Eine starke Differenzierung ist nur möglich, wenn man Einnahmen und Ausgaben nach verschiedenen Kriterien verteilt. So können Einnahmen ganz oder teilweise nach Leistung verteilt und für die Ausgaben verschiedene Schlüssel eingesetzt werden. Die Unterteilung in leistungsabhängige Kosten und in Fixkosten ist dabei grundlegend. Hinzu kommen Ausgaben, die nach Kapital verteilt werden sollten, und solche, die jeder Partner selbst zu 100 % zu tragen hat. Auch können bei Bedarf weitere Verteilungsarten für das Prophylaxe- und das Laborergebnis verwendet werden. Die Zahlen aus der Buchhaltung werden gebündelt, nach verschiedenen Kriterien verteilt und in einer Gewinnverteilungsübersicht dargestellt. So ist jederzeit nachvollziehbar, welcher Partner welche Einnahmen bzw. welche Kosten zu tragen hat und wie hoch die Gewinnanteile der einzelnen Partner sind. In Abb. 1 wird eine Berufsausübungsgemeinschaft mit drei Partnern dargestellt, von denen Partner A und Partner B ganztags und Partner C halbtags arbeiten. Deshalb ergibt sich für den Fixkostenschlüssel die Verteilung 40-40-20. Die Leistungsanteile der Partner betragen 43 %, 39 % und 18 %. Die Ausgaben, die nach Kapital verteilt werden sollen, werden nur zwischen den Partnern A und B verteilt, da diesen die Praxis je zur Hälfte gehört. Es ist unerlässlich, diese Informationen allen Partnern zeitnah und nicht erst nach Erstellung des Jahresabschlusses im Folgejahr zur Verfügung zu stellen. Grundlegend ist dabei die Forderung, dass die Gewinnverteilung auch transparent sein und sich einer verändernden Situation anpassen muss.
Liquiditätsrechnung pro Partner
Dem einzelnen Zahnarzt genügt es jedoch nicht, nur seinen Gewinnanteil zu kennen, er benötigt zusätzlich Informationen zu seinem Entnahmeanspruch. Dies wird häufig vernachlässigt.

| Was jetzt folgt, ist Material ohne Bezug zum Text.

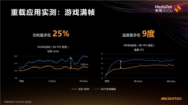 在面对更苛刻的重载应用,比如满帧运行MOBA游戏,天玑 9000的功耗和机温表现同样优秀。实测数据显示,天玑9000其相比2021年安卓旗舰,功耗最多低25%,温度最多低9°C。如此出众的能效与温度控制,意味着搭载天玑 9000的手机将有资本带来更高、更稳定的游戏帧率,以及更持久的游戏续航时间和良好的机身握持体验,想必将吸引众多游戏手机厂商关注。

Stattdessen erstellen die Zahnärzte komplizierte und zeitaufwendige Nebenrechnungen, um herauszufinden, ob bereits zu viel Geld entnommen wurde oder ob man noch auf eine Nachzahlung hoffen darf. Deshalb ist zusätzlich zur Gewinnverteilung auch eine Liquiditätsrechnung für alle Partner wichtig. Dies kann in einer einzigen Übersichtstabelle geschehen, sodass alle Partner die für ihre Planung erforderlichen Zahlen zeitnah erhalten. Die Vorgehensweise ist einfach. Die Einzelpraxis erhält vom Steuerberater monatlich eine BWA und eine Liquiditätsrechnung, sodass sie sowohl das steuerliche Ergebnis als auch die verfügbare Liquidität, d.h. den entnahmefähigen Betrag, sehen kann. Für die Gemeinschaft gilt das Gleiche, sie erhält ebenfalls monatlich eine Gesamt-BWA und -Liquiditätsrechnung. Diese Auswertungen enthalten jedoch keinerlei Information für den einzelnen Zahnarzt und müssen deshalb auf die einzelnen Partner heruntergebrochen werden. Die einzelnen Buchhaltungspositionen müssen gebündelt und auf die Partner verteilt werden. Hierzu gehört der Kauf von Anlagegütern (z.B. Möbel, Geräte usw.) genauso wie die Tilgung der Praxisdarlehen. Zieht man diese Liquiditätskorrekturen vom steuerlichen Überschuss ab, werden die Entnahmeansprüche der Partner sichtbar. Bringt man hiervon noch die bereits getätigten Privatentnahmen und -einlagen in Abzug, ergeben sich die Restentnahmeansprüche der Partner, die mit dem Saldo der Finanz- und Interimskonten übereinstimmen müssen (Abb. 2).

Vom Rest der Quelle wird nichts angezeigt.